Gaharwar is a BMES member. 

2D nanomaterials have gained increasing popularity over a variety of fields, for example in energy, optics, and regenerative engineering due to their extremely small size and unique shape. These nanoparticles consist of highly organized atomic layers made from minerals. These minerals are abundantly present within the human body and help in some vital functions.

“To understand how these nanoparticles interact with stem cells, we utilized a next-generation sequencing technique called RNA-seq,” said Irtisha Singh, a computational biologist from Weill Cornell Medicine at Cornell University and the corresponding author. “RNA-seq takes a snapshot of gene activity of the cell at any given moment. This is similar to taking a high-resolution photo during the Super Bowl and identifying the reaction of every fan during the touchdown.” 

RNA-seq uses next-generation sequencing (NGS) to reveal the presence and quantity of RNA in a biological sample at a given moment.
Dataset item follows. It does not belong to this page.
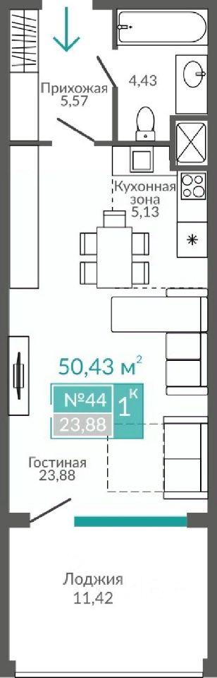 Продаются 1-комнатные апартаменты в строящемся доме (Блок 7), срок сдачи: II-кв. 2027, общей площадью 50.43 кв.м., на 4 этаже. Расположение, транспортная доступностьЖК "Золотые пески" расположен в новом районе города Евпатории. Симферопольская улица, переходящая в одноименное шоссе, которое далее становится Евпаторийским шоссе, в направлении города Саки — это полоса между озером Сасык (с одной стороны) и Черным морем (со стороны новостройки). Евпатория известна своими пляжами, наилучшие из которых — песчаные, здесь находится природная широкая полоса песка на протяжении всей трассы.От исторического центра, набережной Евпатории (ориентир — мечеть Джума-Джами), до ЖК "Золотые пески" меньше 5 км. Жилой комплекс очень удобно расположен вблизи автобусных остановок и железнодорожной станции "54-й км". Электричка идет до ж/д вокзала Евпатории около двенадцати минут.ИнфраструктураАпартаменты "Золотые пески" спроектированы как мини-город: жильцы, владельцы или гости апартаментов должны быть полностью обеспечены всем для проживания и отдыха. СПА-центры, кафе и бары, спортивные залы и детские игровые комнаты будут к услугам проживающих в жилом комплексе. Теннисные корты, кинотеатр и открытые детские площадки также предусмотрены проектом.Евпатория с ее развитой инфраструктурой находится недалеко, всего в пяти километрах. В городе расположены медицинские и общеобразовательные учреждения, салоны красоты и рестораны, спортивные комплексы. Несколько километров на машине или автобусе по Симферопольскому шоссе в другую от Евпатории сторону, к городу Саки, — и к услугам жильцов аквапарк "Банановая республика", один из самых известных в этом районе Крыма. Грязелечебницы и озеро Мойнаки находятся в ближайшем к ЖК районе Евпатории, в частных и государственных клиниках предлагаются циклы оздоравливающих ванн и процедур. Озеро и лиман напротив — место, где живет множество птиц, в том числе и лебеди.Надежность застройщикаКрымский застройщик "Монолит" известен на полуострове как строительная компания, активно растущая в профессиональной сфере. В данный момент в портфеле застройщика четыре готовых дома, строится 25 домов. Застройщик на сайте проекта выкладывает актуальные фото и видео, информирует о ходе строительных работ. Сроки не выходят за пределы, указанные в документации.АрхитектураЖК "Золотые пески" возводится в несколько очередей, сдается в эксплуатацию посекционно. По конструкции это жилая новостройка с помещениями под коммерческий найм. Технология постройки — монолитно-каркасная, основа корпусов — железобетон. В каждой из трех секций девять этажей. Фасадная часть отделана ракушечником и штукатуркой. На крыше металлочерепица, есть террасы. Апартаменты пригодны для круглогодичного проживания благодаря собственной котельной, предусмотренной на территории жилого комплекса.В корпусе имеются 1,2,3 и 4-х комнатные апартаменты площадью от 43 до 207 квадратных метров. Планировки просторные, много остекления и света в комнатах, есть лоджии, кухни не менее чем 6 кв. м. Сдава
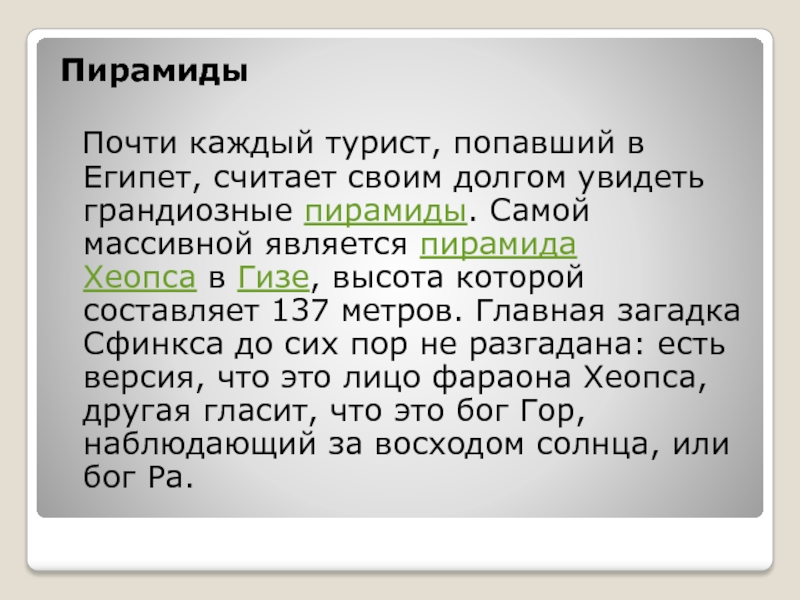 грандиозные пирамиды. Самой массивной является пирамида Хеопса в Гизе, высота которой составляет 137 метров. Главная загадка Сфинкса до сих пор не разгадана: есть версия, что это лицо фараона Хеопса, другая гласит, что это бог Гор, наблюдающий за восходом солнца, или бог Ра.

For example, cell-nanoparticle interactions can result in significant change in cellular behavior that can be observed by using this technique.

“This technique is very sensitive to investigate the interaction of a wide variety of nanomaterials with cells,” said Jake Carrow, a doctoral candidate in Gaharwar's lab and co-first author of the study. “With this combination of nanotechnology and computational biology, we can better understand how material's chemistry, shape, and size can contribute to cell functions.”